Sen. Jim Inhofe's (R-OK) embarrassing attempt to disprove global warming with a single snowball was rightfully dismissed by the mainstream media -- but it was applauded on Fox News.
The February 28 edition of Fox News' Fox & Friends Saturday featured a clip of Sen. Inhofe's recent speech in which he brought a snowball onto the Senate floor to dispute the scientific finding that 2014 was the hottest year on record. The clip preceded an interview with Inhofe, in which co-host Tucker Carlson asked why some people are “trying to shut down debate” on the causes of climate change. Inhofe responded that “there are so many people out there in the extreme community, the far left ... and they're trying to revive this as an issue,” adding that “it's become a religion.” The only other questions Inhofe received during his interview were whether the U.S. should be “nixing” all climate change-related funding, and how he was able put together such a “nicely packed, well-constructed” snowball:
Other media outlets had a different take on the issue.
New York Magazine's Jonathan Chait called Inhofe's argument “breathtakingly devoid of a factual or logical grasp of its subject matter.”
On the March 2 edition of The View, conservative co-host Nicole Wallace described Inhofe's action on the Senate floor as “moronic,” adding: “if we want to get people younger than him to join our party I think it's time to stop denying and just say let's debate the solutions.”
The Washington Post editorial board wrote that the stunt shows how Inhofe's position as chair for the Environment and Public Works Committee is a “national embarrassment,” adding: “The Republican Party should be mortified by the face of their environmental leadership.”
The Los Angeles Times' Michael Hiltzik agreed, stating that Inhofe's stunt was “cause for a national face-palm,” and that Inhofe should be “condemned, not encouraged.”
Vox called it “the dumbest thing that happened on the Senate floor” that day.

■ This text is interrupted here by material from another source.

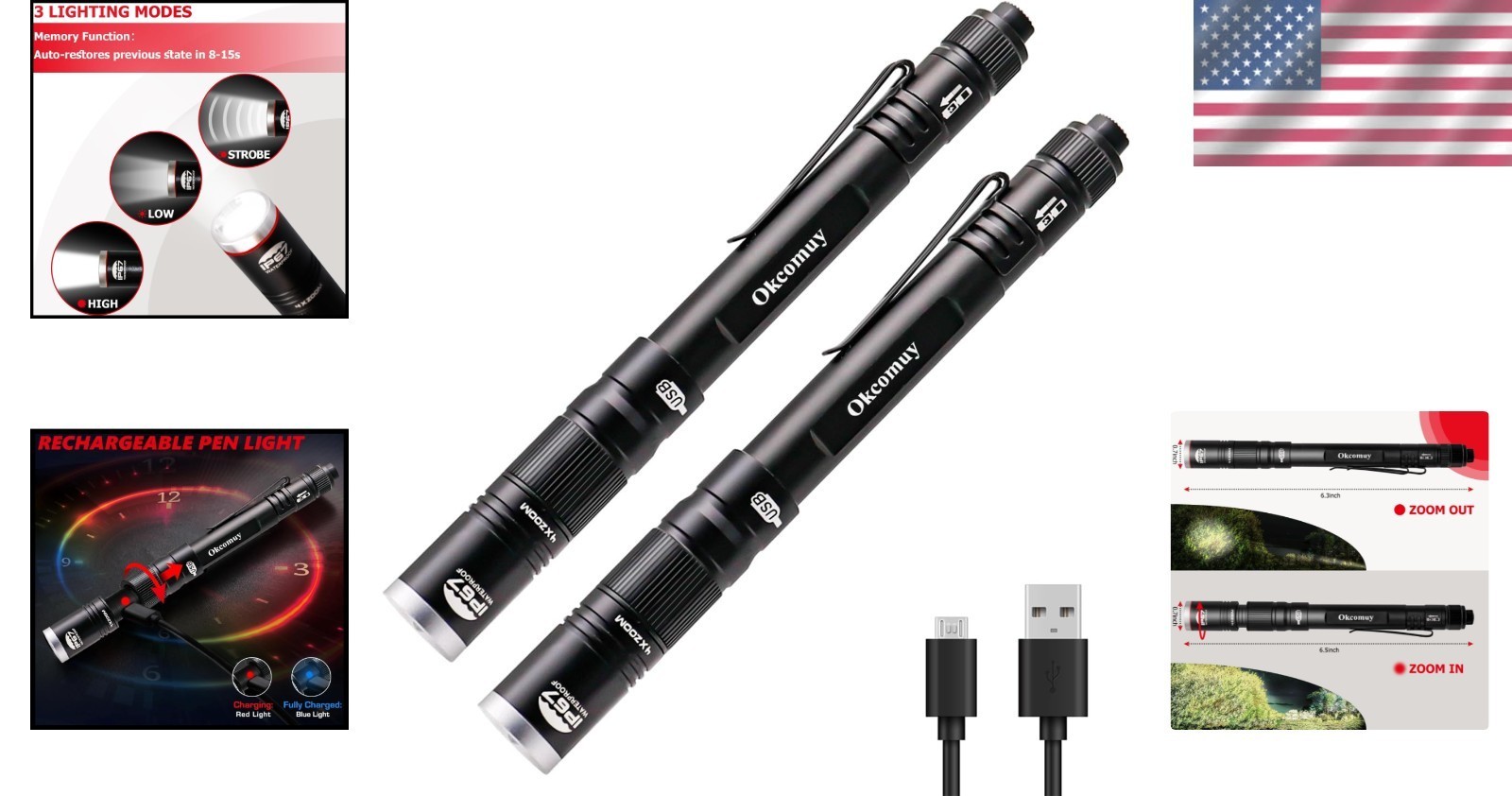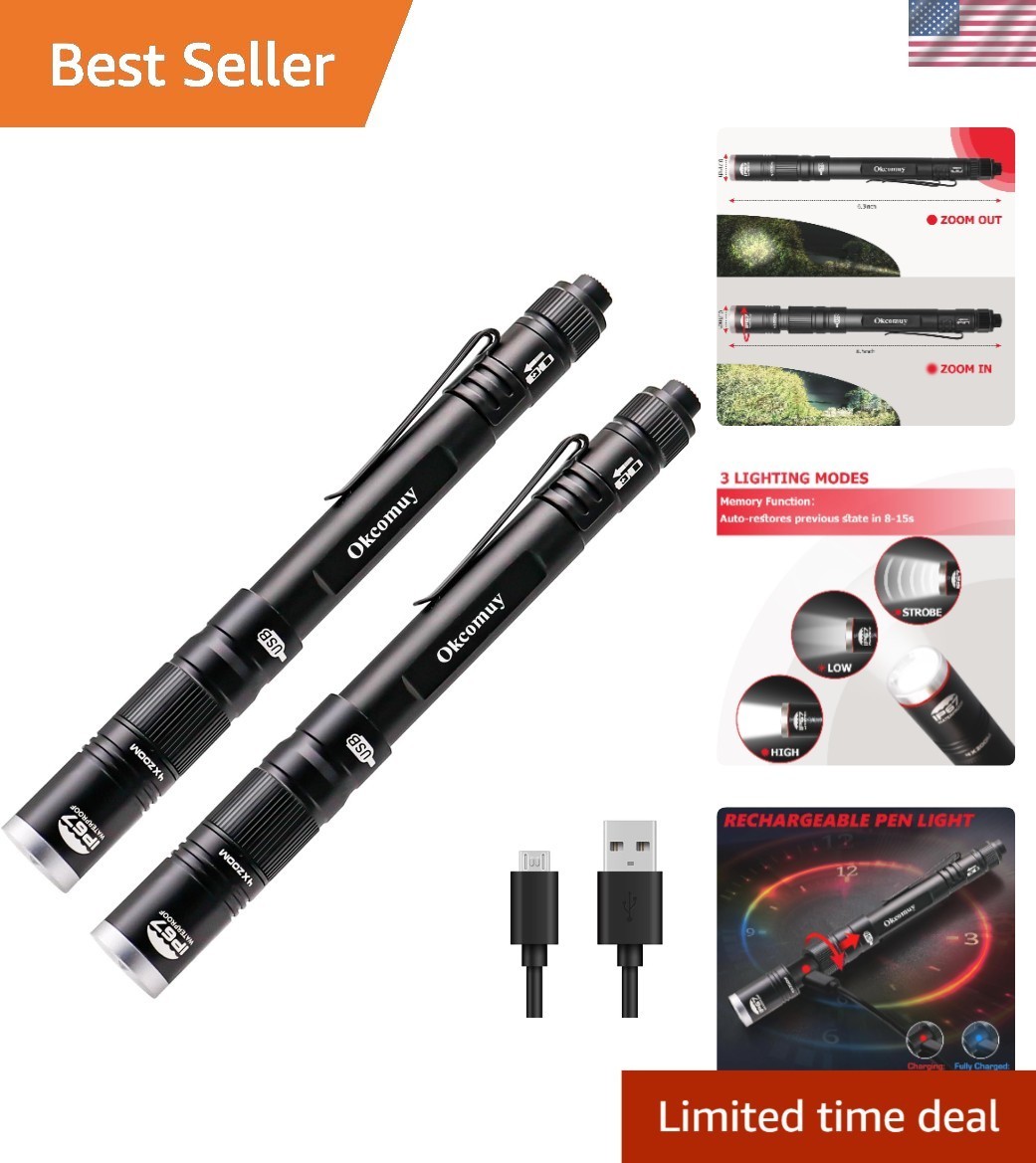 Rechargeable 300 Lumen Pocket Flashlight - Waterproof & Adjustable Modes, 2 Pack

It doesn't take long to show how a single episode of cold weather does not contradict the long-term trend of human-caused global warming. A look at the global temperatures beyond the United States' East Coast shows how the world, as a whole, has recently experienced warmer-than-average temperatures, including the second-warmest January on record:
But Fox's segment celebrating Inhofe's climate denial should come as no surprise; "snow-trolling" of the sort Inhofe engaged in often finds a welcome home on Fox News. In fact, the network has found a way to claim just about any amount of snow debunks global warming. Even Fox News founder Rupert Murdoch recently got in on the act, tweeting a picture of North Atlantic ice and writing, “Global Warming!”